HONOLULU — Video clips of children could assist in screening for obstructive sleep apnea, as this method was nearly as effective in detecting OSA compared with other tools, according to two studies presented at the CHEST Annual Meeting.

“There’s a real shortage for diagnostic tests that are available, particularly polysomnography, for children with obstructive sleep apnea,” Sherri L. Katz, MDCM, MSc, FRCPC, FCCP, chief of pediatric respirology at Children’s Hospital of Eastern Ontario, told Healio. “We need to do better at identifying which children really need a sleep study and making sure that those who have OSA get early and quick access to diagnostic tests.”

Photo of young boy sleeping
Assessing video clips of children could assist in screening for obstructive sleep apnea. Image: Adobe Stock

Katz and Refika Ersu, MD, director of the sleep laboratory and home ventilation program at Children’s Hospital of Eastern Ontario, presented two complementary studies regarding the use of short video clips, recorded by parents, to determine which children need polysomnography to diagnose OSA.

In the first study, which included 50 children (mean age, 7.6 years; 46% boys) aged 3 to 18 years, parents were instructed to record three short video clips using their smartphones, which were then reviewed by two independent clinicians for signs of OSA using both the Monash Obstructive Sleep Apnea Video Score and overall clinician impression of presence and severity of OSA. Interrater agreement and agreement between the two scores were then estimated using weighted Cohen’s kappa.

With scores of 3 or higher indicating OSA, the mean Monash score was 3.25 and 32% of patients had a positive clinical impression of OSA.

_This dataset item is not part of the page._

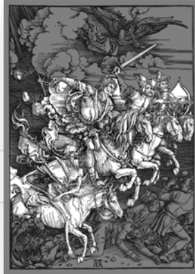
Ilustración 8. Grupo de Jinetes.

y públicas, más aún, si las imágenes se constituían en recurso para la enseñanza de aspectos paradigmáticos sociales.

Agreement between clinicians for the Monash score was 0.911 for the presence of OSA and 0.955 for severity (P < .001 for both). Agreement for clinical impression was 0.908 for presence and 0.812 for severity (P < .001 for both).

“The inter-relatability was excellent. Two raters came up with the same conclusions about whether a child is likely to have OSA or not based on the video clips,” Katz said. “The next step was to then compare it to other diagnostic tests that exist for sleep apnea.”

The second study, presented by Ersu, evaluated how the video clips compared with polygraphy measures, oximetry and the Pediatric Sleep Questionnaire (PSQ).

Researchers considered the patient to have OSA with scores of more than 1.5 on the obstructive apnea-hypopnea index (oAHI), 4.3 or higher per hour on the oxygen duration index 3% (ODI3%), 2 or higher on McGill oximetry score, 3 or higher using Monash score, and/or greater than 0.33 on the PSQ.

Of the 38 patients (mean age, 6.8 years; 17 girls) included, OSA was indicated in 35 (92.1%) using PSQ score, 18 (47.4%) using Monash score, 14 (36.8%) using ODI3% and six (15.8%) using the McGill score.

Thus, with a sensitivity of 75% and specificity of 85% at a 1.5 oAHI threshold, the video clips showed better diagnostic characteristics than PSQ and similar characteristics compared with oximetry.

“It was successful in diagnosing obstructive sleep apnea, more so than just a simple questionnaire,” Ersu told Healio. “It performed less than oximetry but requires less resource in limited settings.”

The use of smartphone videos needs additional study for this capacity, but such an approach could be beneficial when more tested methods are unavailable.

“Because of the limitations for what’s out there, it’s hard for people to access [sleep studies] and there are geographic and other disparities that limit access to testing, so we need something that’s simple, that parents can do at home and that is available for everybody,” Katz said.

It is “rather common” to see OSA in otherwise healthy children, according to Ersu.

“[It’s] more common if they have obesity or medical complexity and in children who live in low socioeconomic status and some minority children,” Ersu added. “There are adverse consequences, so if it’s diagnosed timely and treated timely, there may be a lot of health benefits.”